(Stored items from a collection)
>>

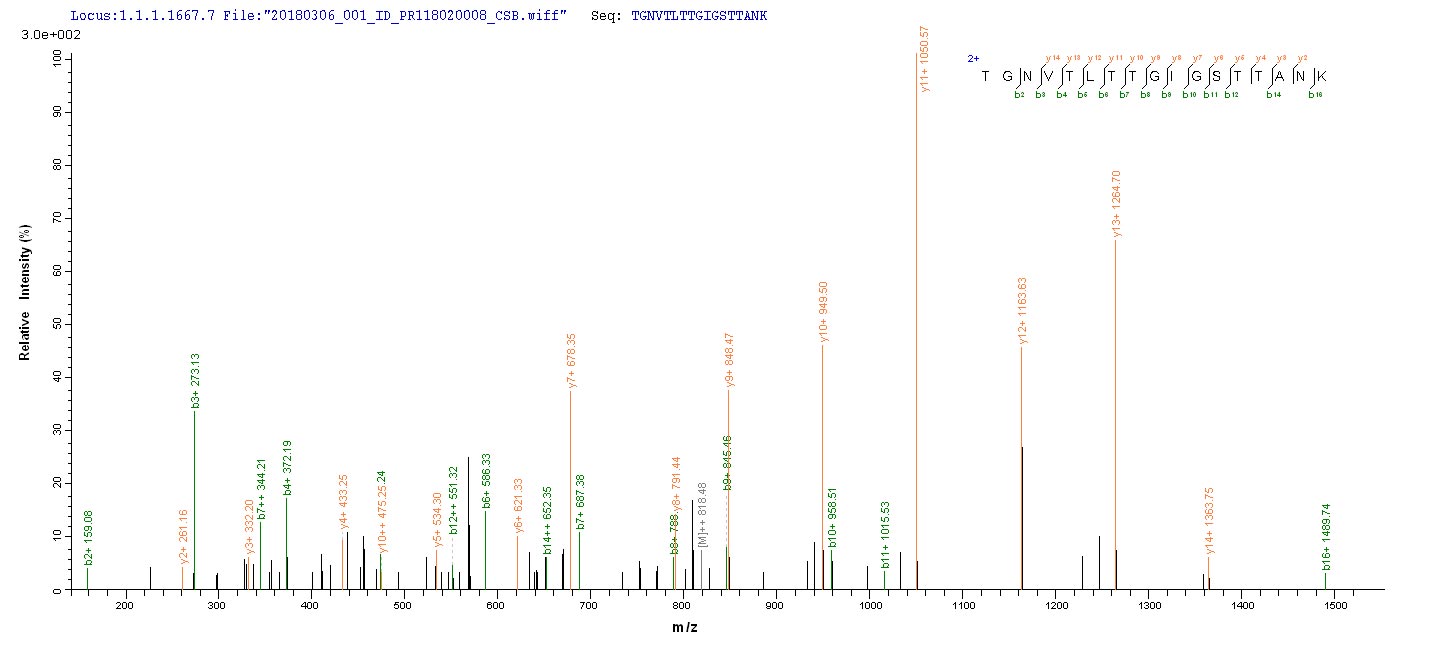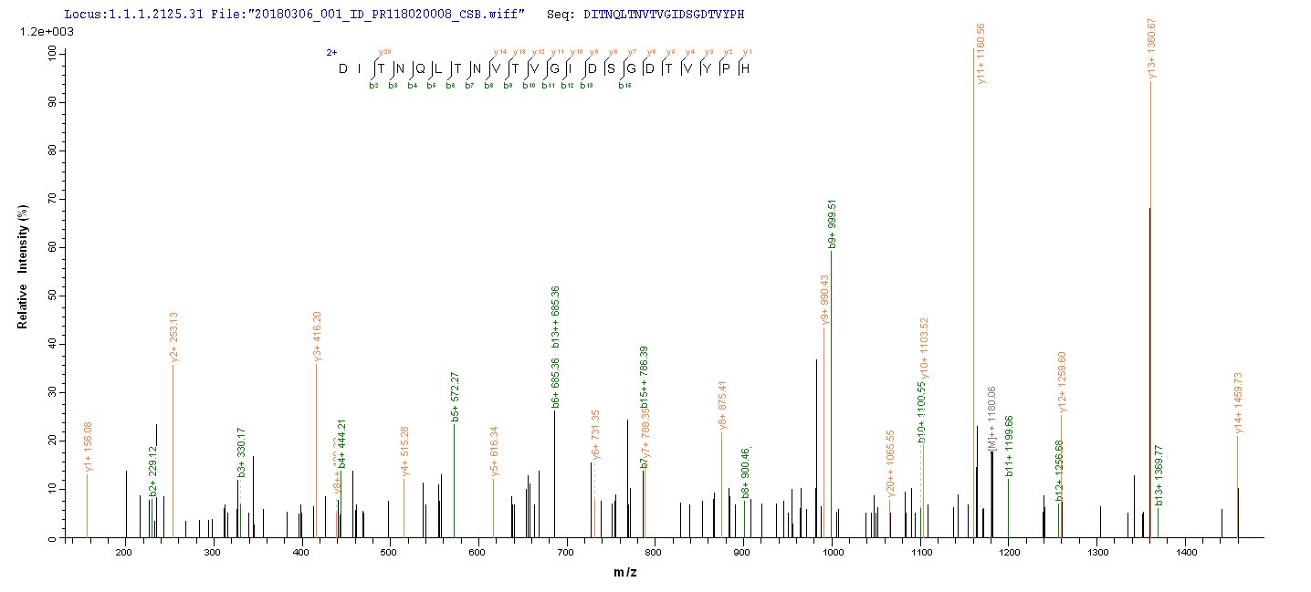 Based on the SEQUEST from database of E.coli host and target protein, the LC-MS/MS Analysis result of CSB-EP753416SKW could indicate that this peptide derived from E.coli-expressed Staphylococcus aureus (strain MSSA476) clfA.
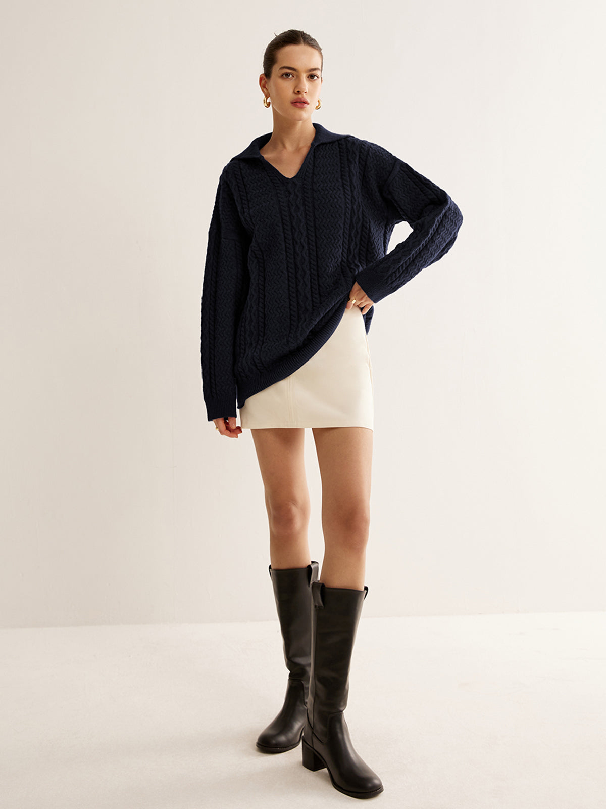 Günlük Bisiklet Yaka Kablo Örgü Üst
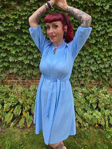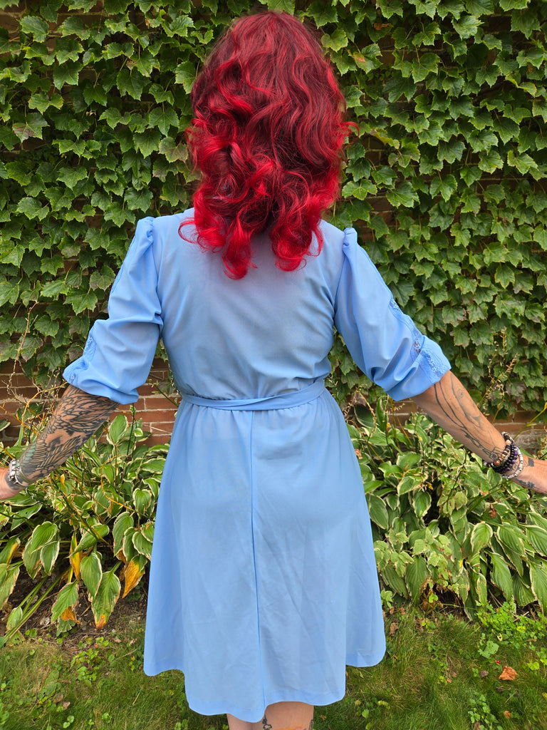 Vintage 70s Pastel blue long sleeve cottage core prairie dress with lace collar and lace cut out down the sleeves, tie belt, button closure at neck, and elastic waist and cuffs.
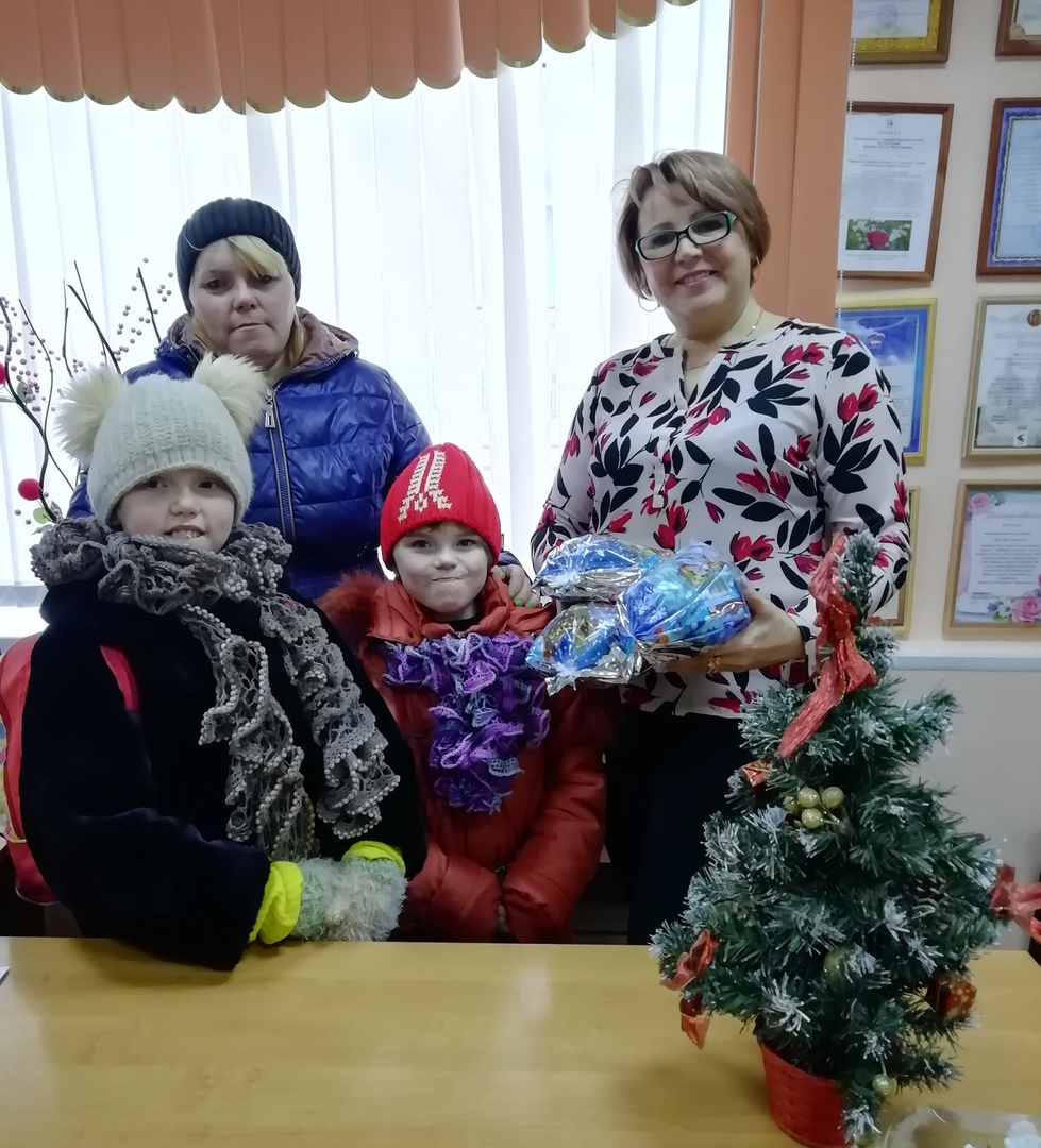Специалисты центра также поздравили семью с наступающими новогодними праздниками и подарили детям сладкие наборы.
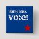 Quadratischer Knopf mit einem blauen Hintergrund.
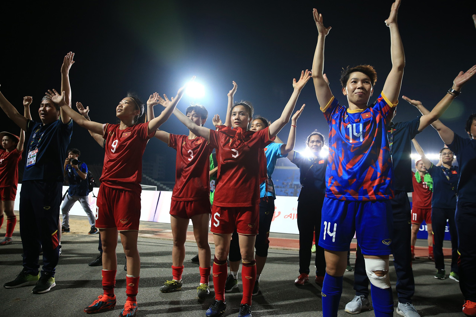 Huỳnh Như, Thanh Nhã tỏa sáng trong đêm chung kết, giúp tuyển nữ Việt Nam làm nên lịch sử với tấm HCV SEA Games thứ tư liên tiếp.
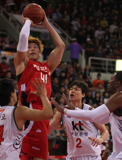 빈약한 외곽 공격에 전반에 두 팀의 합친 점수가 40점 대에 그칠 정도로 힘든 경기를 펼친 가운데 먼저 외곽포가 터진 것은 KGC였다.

<<

_ABOUT THIS EXERCISE:_ All of the data needs repeating exactly, but the pictures do not.

_WRITTEN SOLUTION:_
 Based on the SEQUEST from database of E.coli host and target protein, the LC-MS/MS Analysis result of CSB-EP753416SKW could indicate that this peptide derived from E.coli-expressed Staphylococcus aureus (strain MSSA476) clfA.
 Günlük Bisiklet Yaka Kablo Örgü Üst
 Vintage 70s Pastel blue long sleeve cottage core prairie dress with lace collar and lace cut out down the sleeves, tie belt, button closure at neck, and elastic waist and cuffs.
Специалисты центра также поздравили семью с наступающими новогодними праздниками и подарили детям сладкие наборы.
 Quadratischer Knopf mit einem blauen Hintergrund.
 Huỳnh Như, Thanh Nhã tỏa sáng trong đêm chung kết, giúp tuyển nữ Việt Nam làm nên lịch sử với tấm HCV SEA Games thứ tư liên tiếp.
 빈약한 외곽 공격에 전반에 두 팀의 합친 점수가 40점 대에 그칠 정도로 힘든 경기를 펼친 가운데 먼저 외곽포가 터진 것은 KGC였다.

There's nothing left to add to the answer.